Ambulatory Treatment of Dialysis Access Stenosis


Dialysis access management was traditionally performed in the hospital setting. Now, newly developed percutaneous techniques have allowed some of these procedures to be transitioned to the outpatient office setting.

The increased prevalence of diabetes and hypertension in an aging population has resulted in a steady rise of patients with chronic kidney disease (CKD) in need of hemodialysis. The autogenous arteriovenous fistula (AVF) is preferred over synthetic grafts as a result of their superior long-term patency; however, the cost of this choice is inferior maturation of autologous arteriovenous access and the subsequent need for several interventions before the access can be used. The increase in the total number of AVFs has increased the number of procedures and interventions required to maintain them. The scheduling of an increased number of cases in the operating room, outside of the block time, can be difficult and often results in a prolonged waiting time for patients with a failing dialysis access. Moving these procedures to the office setting can shorten the waiting time and improve overall patient satisfaction.
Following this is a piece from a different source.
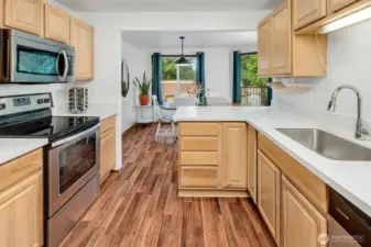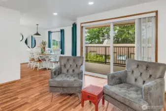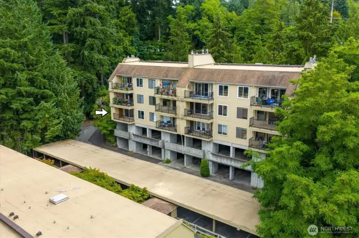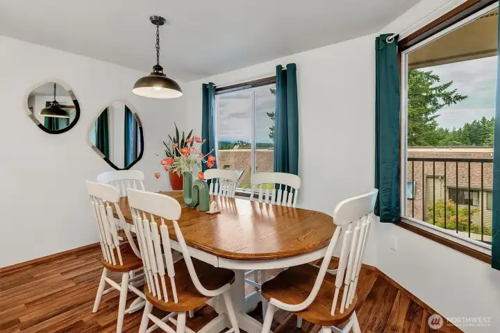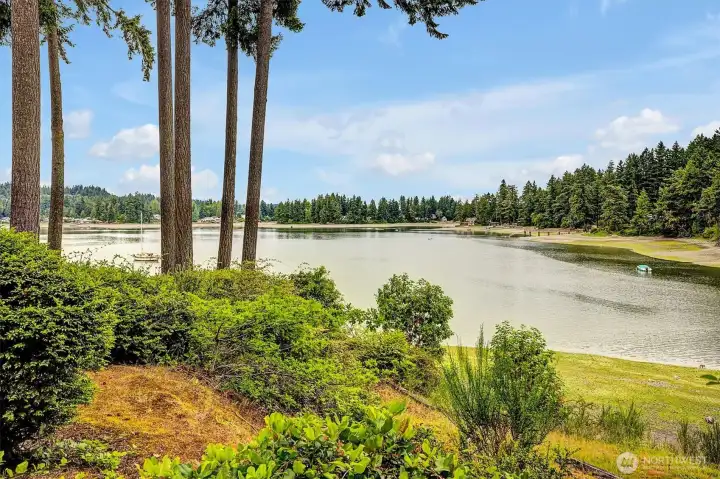 Waterfront living! Easy access to this 1st floor (no steps) spacious with bright windows and lots of updates. Walk down to the water and experience the Puget Sound from your own backyard on Oyster Bay. Entertain, cook, and gather in a beautifully updated kitchen featuring new white quartz countertops, solid wood cabinetry, and premium stainless-steel appliances, including a built-in oven and microwave. Enjoy the serene views of the mountains and the sound from balconies off the living room and the primary bedroom. Gather around the charming brick fireplace, the glowing heart of this spacious living room. 2 assigned covered parking spots and additional (252 SqFt) storage room in the parking garage. No Rental cap. Bring your Cash offer

Inherent in this practice is the early identification of a failing dialysis access in order to prevent thrombosis, because thrombosis can result in a poor outcome. Stenosis results from the development of neointimal hyperplasia in the anastomosis, outflow tract, and central veins. The easiest way to monitor the access is by routine history and physical examination of the fistula.

If a suspicion exists that the AVF is failing, a duplex ultrasound (US) of the fistula is routinely performed to exclude or confirm the diagnosis of a hemodynamically significant stenosis.

An established protocol is used for scanning the fistula. The protocol routinely starts with color imaging. A brief scan helps depict distinct color patterns in stenotic areas (e.g., aliasing, mosaicking, turbulence). B-mode imaging of the entire fistula provides information regarding the nature of these stenoses, such as the presence of intraluminal venous webs and/or frozen valves. A severe stenosis is one greater than 70% in the inflow artery, the anastomosis, along the access conduit, or in the outflow vein based on duplex criteria of direct vessel diameter reduction measured on color images after optimization of the pulse frequency repetition (PRF) to avert errors caused by bleeding effect and peak systolic velocity (PSV) ratio of 3 or more. We also measure the size of the AV fistula in different segments and the volume flow. Knowledge of the size of the fistula can allow preparing appropriate equipment the day before intervention, which helps to keep inventory in the office at the bare minimum.

After the diagnosis has been established and stenosis has been visualized with duplex US, the patient is scheduled for an outpatient office-based intervention. Once the failing fistula is identified, it can be managed in the office with two main techniques: fluoroscopic and/or US guidance. At present, the author uses only US guidance in the office for managing stenosis of the fistula.

Technique of Ultrasound-Guided Fistula Treatment

An HDI 5000 scanner with a SonoCT feature (Philips Medical Systems, Bothell, WA) is used for all imaging. The most advantageous position of the ultrasound machine in the room is on the side of intervention, close to the patient’s arm. This helps provide adequate visualization for the surgeon and vascular technologist. After the patient is positioned on the examination table, the ipsilateral upper extremity is prepped and draped in the usual sterile manner. A compact linear 15-7-MHz transducer gives superb images of the entire fistula length owing to its superficial localization. The vascular technologist assisting with duplex scan imaging is scrubbed, gowned, and gloved in the same manner as the operating interventionalist. All patients are connected to the monitor for continuous recording of vital signs, including the patient’s oxygen saturation.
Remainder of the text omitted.